Well, today is my 60th birthday, whey hey. I had other plans, not very big ones, but suffice it to say they certainly involved me leaving the house.
Just a few drinks in the pub, with a few mates. I mean nothing was really organized, not a marquee or a river cruise. I just had said to a few people that I had a big one coming up and perhaps they might like to join me for a bevvy. As it happens, I didn’t actually get around to organizing anything, so it’s all probably for the best.
Cheers.
Anyway, my friend Lynette, known her for years, we’re not that close but I see her now and then and I ran into recently, well not literally we were the standard 2 metres apart and we both had our masks on, well I had a head scarf wrapped around my mouth she had a proper one, we were walking through London Fields so I waved and she waved back and I didn’t want to stand there miming, so I called her which felt a bit silly, what with her standing there and me here. So, I called her and told her it was a big one for me and she and said why don’t you log on to a video conference call and we’ll all say cheers and sing you Happy Birthday?

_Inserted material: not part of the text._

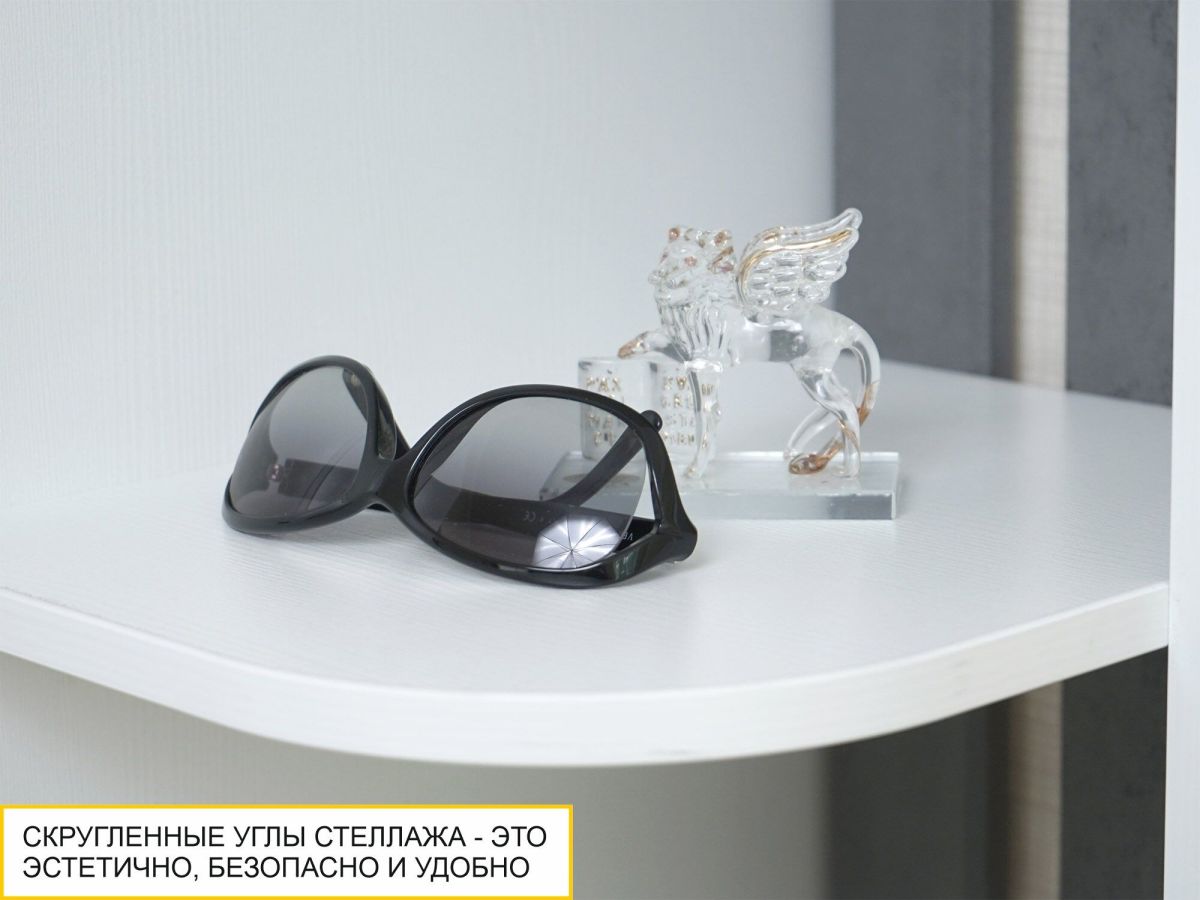 - Скругленные углы стеллажа обеспечивают безопасность и добавляют эстетичности прихожей.

Thing is she didn’t tell me how to do it, so I’ve tried my best.
Well, I’ve been trying to do exactly that for the last 2 hours but I’m useless with all this tech. My boy, Raymond he was good with it, he used to do bits for me but well, he’s been away, and I haven’t seen him for a while now and well, it’s probably all updated now anyway.
I’m coping, I still work, I’m a receptionist in a dentists, been there for years and years, wonder they still want me on the front desk. I know, I know, bit long in the tooth for all that, well I haven’t got a choice. I’m on my own and needs must. I’m not working now though, obviously. I went out to the shops earlier, for essentials, Prosecco and some pringles. Well, you’re only 60 once eh?

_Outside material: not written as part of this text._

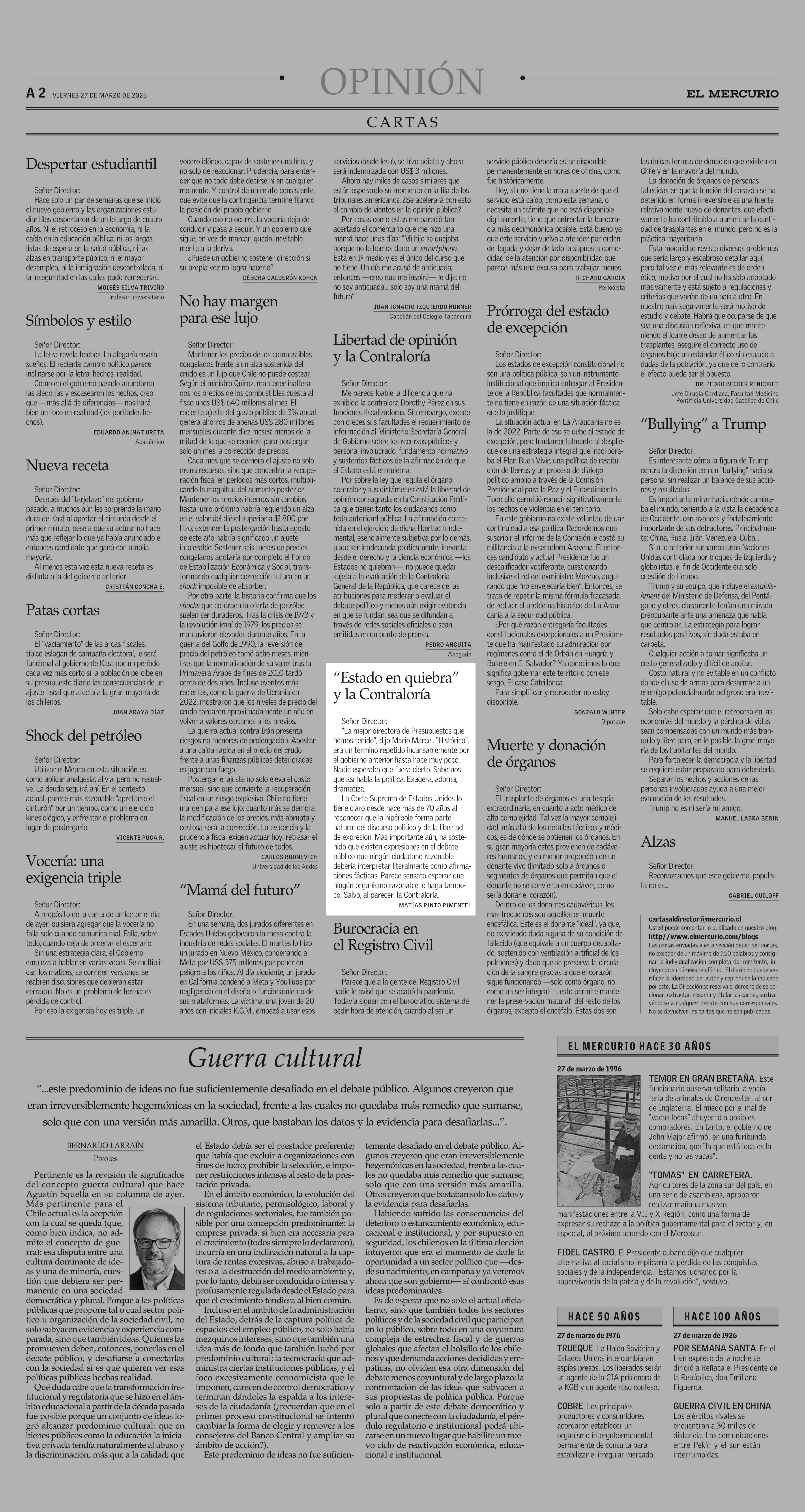 Cartas: “Estado en quiebra” y la Contraloría 27-03-2026 El Mercurio |

It’s terrible in the shops lately, before we had to do all this standing a ways from each other and respecting each other’s space so as not to get sick, I saw a terrible run in down the local Tesco. Woman shouting her head off at the staff, you’re all liars, liars!
I’m used to things kicking off in Hackney but this was not the time or the place, I mean we’re all stressed these days aren’t we?
Ooh she was cross, gone all the way to the shop for a big bottle of cooking oil and rang in especially to see if they had it in stock, they did so she drove down, well by the time she got there they’d sold out. People are buying up everything, I mean it would take me years to get through a big bottle of cooking oil, but she obviously had a thing for it or a she was feeding a massive family. Anyway, she ranted and raved like an angry lunatic.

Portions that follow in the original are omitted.